American Airlines Group Inc. (AAL) stock plunged to a two-year low of $31.59 on Wednesday, hurt by the higher-than-expected fuel costs and impact of Hurricane Florence. The shares have been on the downward trend from September-end. The stock had plummeted over 39% in the past year and more than 38% so far this year.
The stock remained under pressure due to the high oil prices, labor costs, industry-wide capacity growth, and technological glitches. In addition, the company’s escalating debt levels have been a major concern.
The prevailing dip in the stock has prompted the executive chief Doug Parker to assure investors that the world’s biggest airline could grow profits despite escalating fuel prices. On Tuesday, the company confirmed that about 2,100 flights were canceled due to Hurricane Florence, which lowered the third quarter revenue by $55 million.

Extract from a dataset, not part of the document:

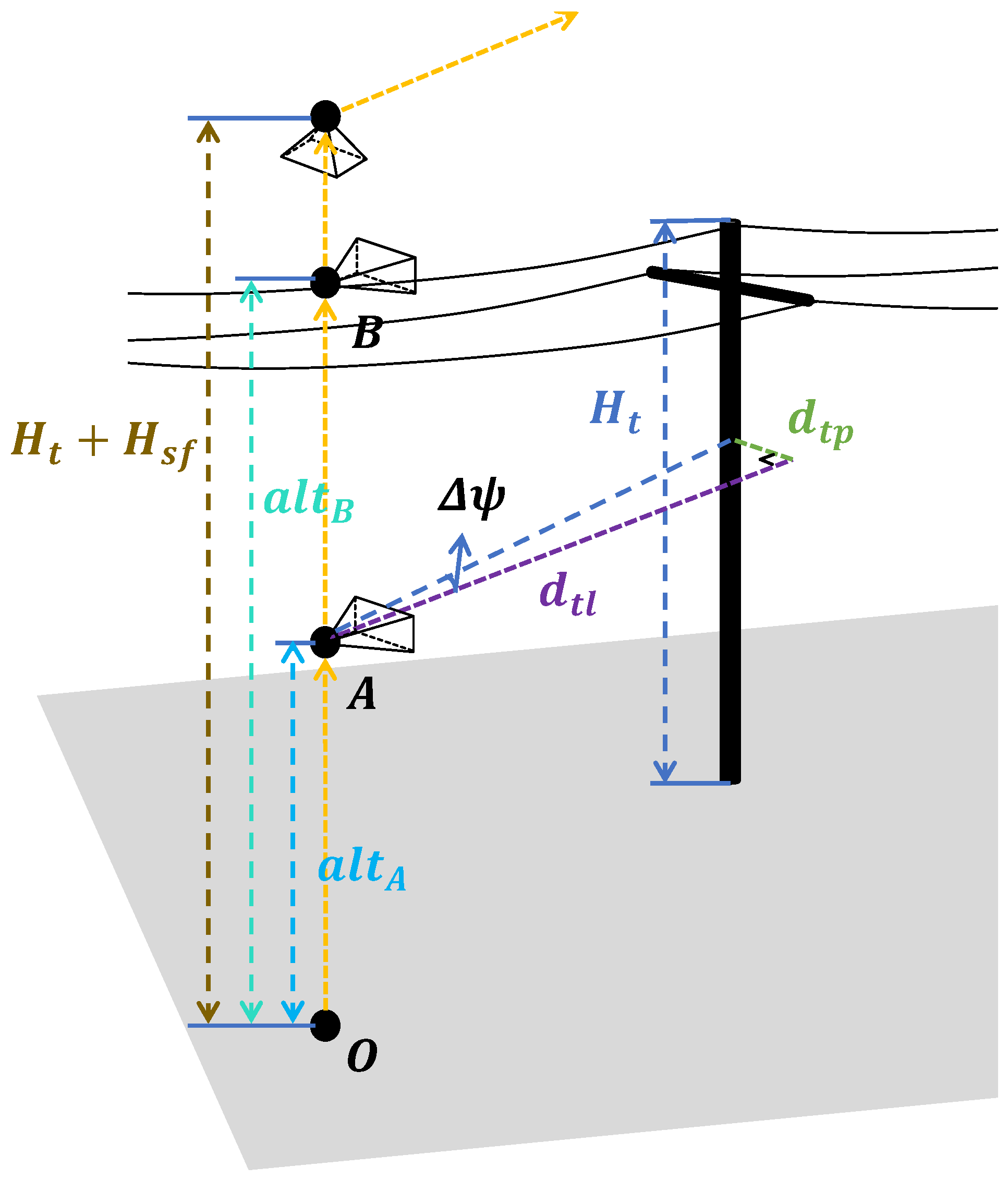 - Chen, D.-Q.; Guo, X.-H.; Huang, P.; Li, F.-H. Safety distance analysis of 500 kv transmission line tower uav patrol inspection. IEEE Lett. Electromagn. Compat. Pract. Appl. 2020, 2, 124–128. [Google Scholar] [CrossRef]

Also, the carrier lifted its fuel costs expectations for the third quarter to the range of $2.28 to $2.33 per gallon from the prior forecast of $2.22 to $2.27 per gallon. But the company increased its revenue per seat mile growth estimate to a range of 2% to 3% from the previous forecast range of 1% to 3%.
This year, the airlines industry has been struggling largely due to the rise in fuel, which remains the second-largest expense for airlines after employee pay. The rise in fuel has prompted airline companies to cut international routes. American Airlines is planning to cut 11 routes in total by this year and early next year.
Few airline companies have taken the hard rule of transferring the fuel price burden to their customers. Apart from this, the US airlines are likely to face stiff competition from the Chinese carriers, which are undergoing changes in their aviation policies.
Airline shares were down broadly on Tuesday and Wednesday. On Wednesday, United Continental Holdings (UAL), Alaska Air Group (ALK), and Southwest Airlines (LUV) each shed more than 3%. Delta Air Lines (DAL) ended the day down over 2%, while American Airlines fell more than 5%.